Foundations of Imbalanced Learning
Any dataset that exhibits an unequal distribution among its classes can be considered imbalanced. However, the common understanding in the community is that imbalanced data correspond to datasets exhibiting significant, and in some cases extreme, imbalances. Speciﬁcally, this form of imbalance is referred to as a between class imbalance; not uncommon are between-class imbalances in the order of 100:1, 1000:1, and 10000:1, where in each case, one class severely out represents another. In order to highlight the implications of the imbalanced learning problem in the real world, let’s consider a real life problem of classifying a visitor to be a buyer or a non-buyer on an online retail portal, which typically has a ratio of 1:1000 or more. In reality, we ﬁnd that classiﬁers tend to provide a severely imbalanced degree of accuracy , with the majority class having close to 100 percent accuracy and the minority class having accuracies of 0-5 percent. We require a classiﬁer that will provide high accuracy for the minority class without severely jeopardizing the accuracy of the majority class.
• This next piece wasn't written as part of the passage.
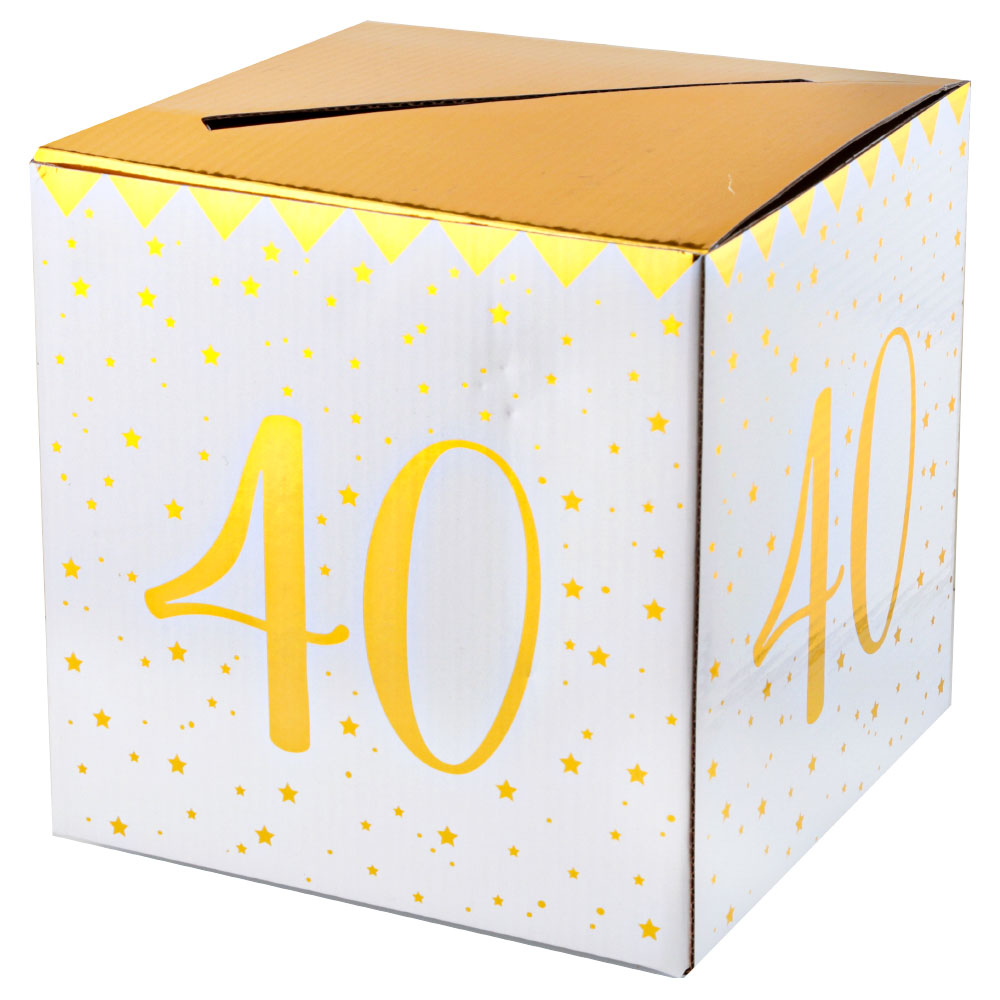 Festlig kortlåda som blir ett fint inslag till 40-års festen! Gör din födelsedag riktigt fin med denna kortbox som både blir en snygg dekoration och ett festlig tillbehör. Placera den snyggt på presentbordet och låt alla gäster lägga ner sina kort i den innan det är dags för presentöppning. Superfin kortlåda som garanterat kommer att bli en succé till 40-års firandet!

Intrinsic imbalance is a direct result of the nature of the data space. However, imbalanced data are not solely restricted to the intrinsic variety. Variable factors such as time and storage also give rise to datasets that are imbalanced. Imbalances of this type are considered extrinsic, i.e., the imbalance is not directly related to the nature of the data space. Extrinsic imbalances are equally as interesting as their intrinsic counterparts since it may very well occur that the data space from which an extrinsic imbalanced dataset is attained may not be imbalanced at all. For instance, suppose a dataset is procured from a continuous data stream of balanced data over a speciﬁc interval of time, and if during this interval, the transmission has sporadic interruptions where data are not transmitted, then it is possible that the acquired dataset can be imbalanced in which case the dataset would be an extrinsic imbalanced dataset attained from a balanced data space. In addition to intrinsic and extrinsic imbalance  , it is important to understand the difference between relative imbalance and imbalance due to rare instances (or “absolute rarity”).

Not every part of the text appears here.